◆ **Problem description**
The lines below, from the one containing "Brave Soul - Regenbestendig" through the one containing "Justin Steele got", should be set down exactly, with no pictures and nothing else.

◆ **Task inputs**
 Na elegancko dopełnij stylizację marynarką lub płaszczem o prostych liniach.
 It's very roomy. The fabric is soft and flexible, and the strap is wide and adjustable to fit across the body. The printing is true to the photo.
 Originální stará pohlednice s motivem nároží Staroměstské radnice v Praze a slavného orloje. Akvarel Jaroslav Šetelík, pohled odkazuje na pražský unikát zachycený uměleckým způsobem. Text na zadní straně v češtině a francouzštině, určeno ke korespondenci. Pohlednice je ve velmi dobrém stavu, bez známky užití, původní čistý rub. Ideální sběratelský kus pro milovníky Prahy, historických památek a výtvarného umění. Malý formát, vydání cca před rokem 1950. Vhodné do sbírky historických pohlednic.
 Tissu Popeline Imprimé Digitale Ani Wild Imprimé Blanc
* * *
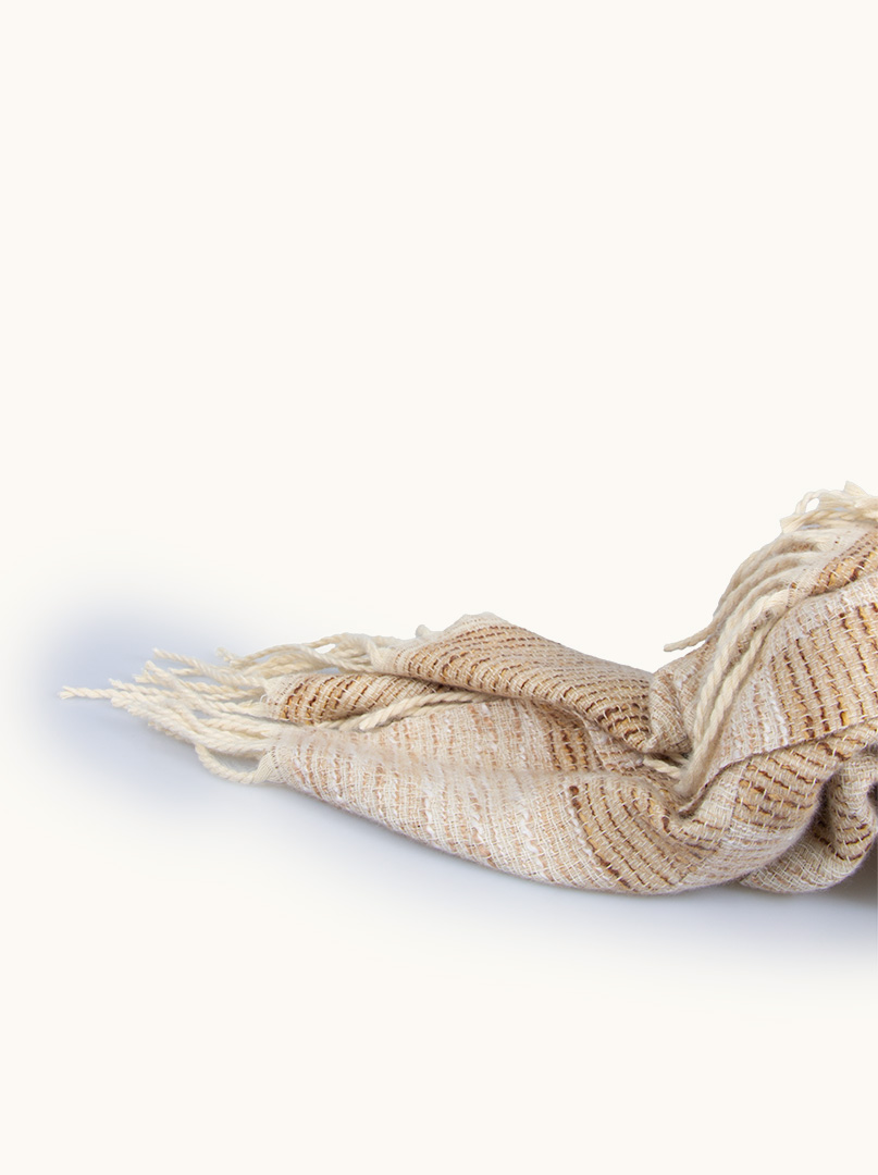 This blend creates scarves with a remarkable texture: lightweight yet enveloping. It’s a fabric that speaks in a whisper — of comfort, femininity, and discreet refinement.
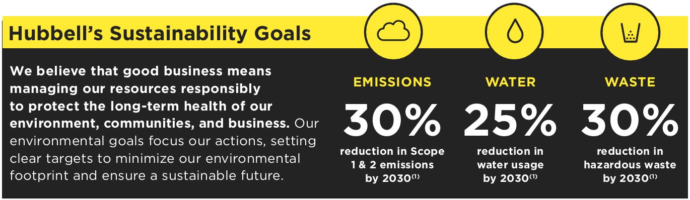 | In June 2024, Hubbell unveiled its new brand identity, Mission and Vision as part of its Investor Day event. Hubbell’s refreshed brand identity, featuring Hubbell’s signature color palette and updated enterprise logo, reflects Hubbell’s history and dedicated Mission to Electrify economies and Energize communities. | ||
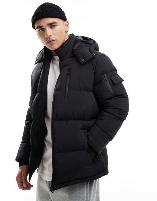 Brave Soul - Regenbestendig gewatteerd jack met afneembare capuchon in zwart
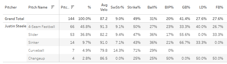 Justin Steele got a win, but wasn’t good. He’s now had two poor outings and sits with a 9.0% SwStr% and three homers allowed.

◆ **Result for this task**
 Brave Soul - Regenbestendig gewatteerd jack met afneembare capuchon in zwart
 Justin Steele got a win, but wasn’t good. He’s now had two poor outings and sits with a 9.0% SwStr% and three homers allowed.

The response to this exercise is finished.